YOUR GOAL:
Search the data for the word "Three". Reproduce every line where it is found.

===== RECORDS TO PROCESS

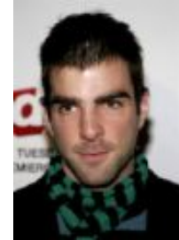
Zachary Quinto Spock
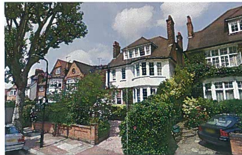
04 - STREET VIEW NORTH
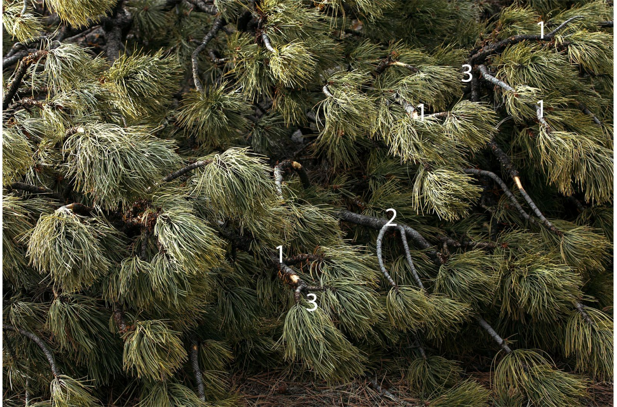
Figure 7: Untitled
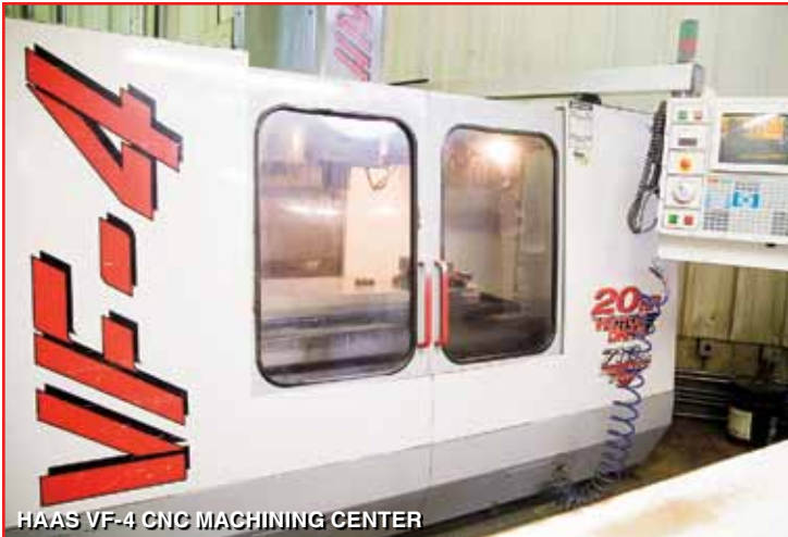
HAAS VF-4 CNC MACHINING CENTER

FANUC Robocut Alpha-1iB Wire EDM, New 2001, Fanuc i80 is-w control, 21.7" x 14.5" x 12" travels, U+V taper, AWF, 853 hours.
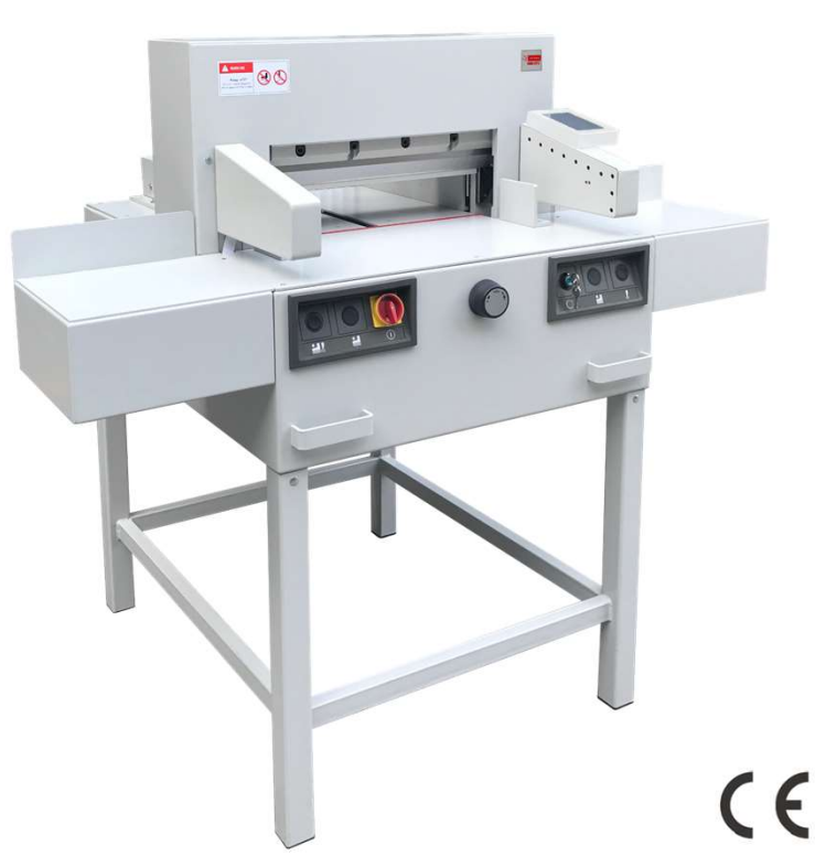
intimus 4680 EPS with side tables
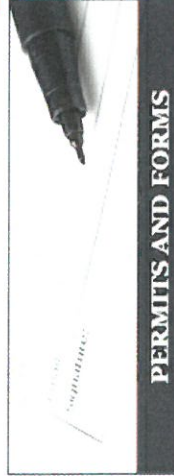
PERMITS AND FORMS
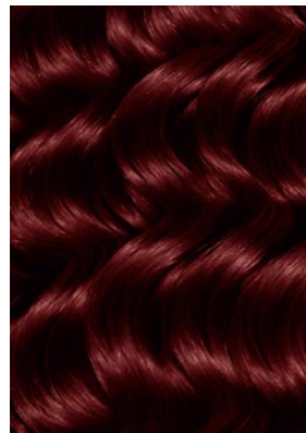
007031 4RM BERRY- GO-ROUND
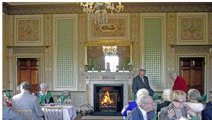
Members in the Gold Room at Lytham at the 2018 Christmas Lunch
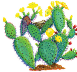
PRICKLY PEAR CACTUS
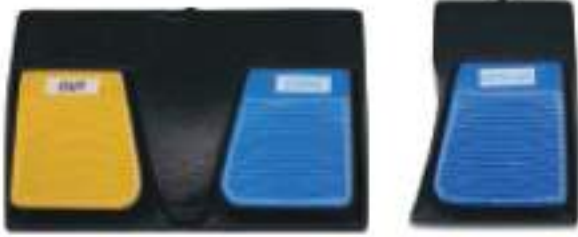
MONOPOLAR / BIPOLAR FOOT SWITCH
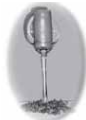
Half Goblet w/Candle $4.00 each
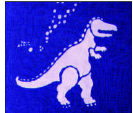
Fabric flat dyed after application of Easy Batik
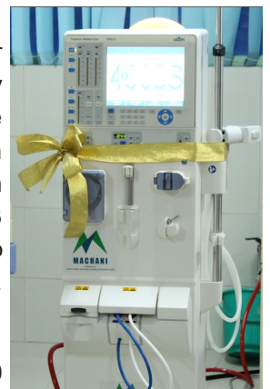
One of the donated machines. Three more will be donated in the first quarter of 2023

Through our partnership with “Stand With Kerala,” we also sponsor 100 dialyses a month at Paalana Hospital ( https://paalana.in/ ) in Palakkad. Apart from this, Care and Share also extends support to CKD patients in Vadakara Co-operative Hospital and Amala Hospital, Thrissur.
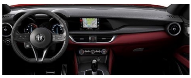
422 - Sports Seats in Red Leather with Matching Trim (Option on Stelvio / Standard on Ti)
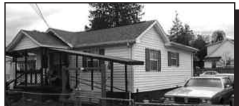
#10091251 - Great investment property. Wheel chair ramp and fenced yard. 2 bedrooms, 1 full bath. $69,900
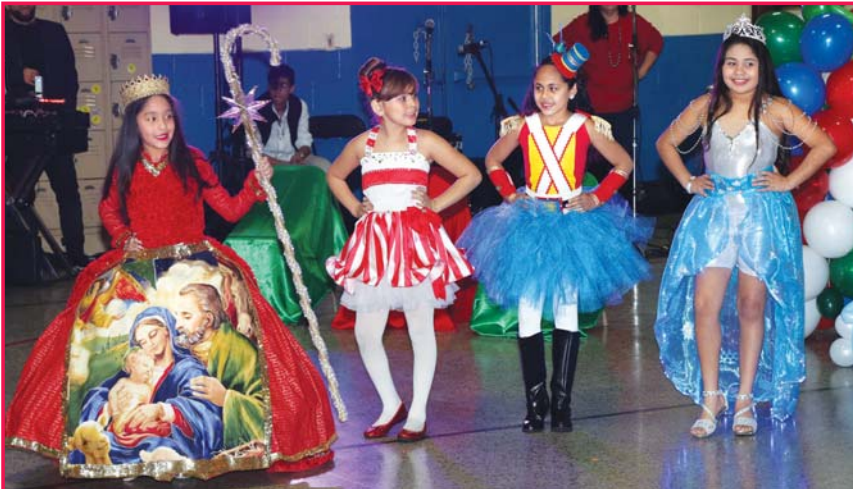
City of Cleveland hosts 8th annual El Día de Los Reyes - Three Kings Fiesta, Page 9.

==========

SOLUTION FOR THIS EXERCISE:
One of the donated machines. Three more will be donated in the first quarter of 2023
City of Cleveland hosts 8th annual El Día de Los Reyes - Three Kings Fiesta, Page 9.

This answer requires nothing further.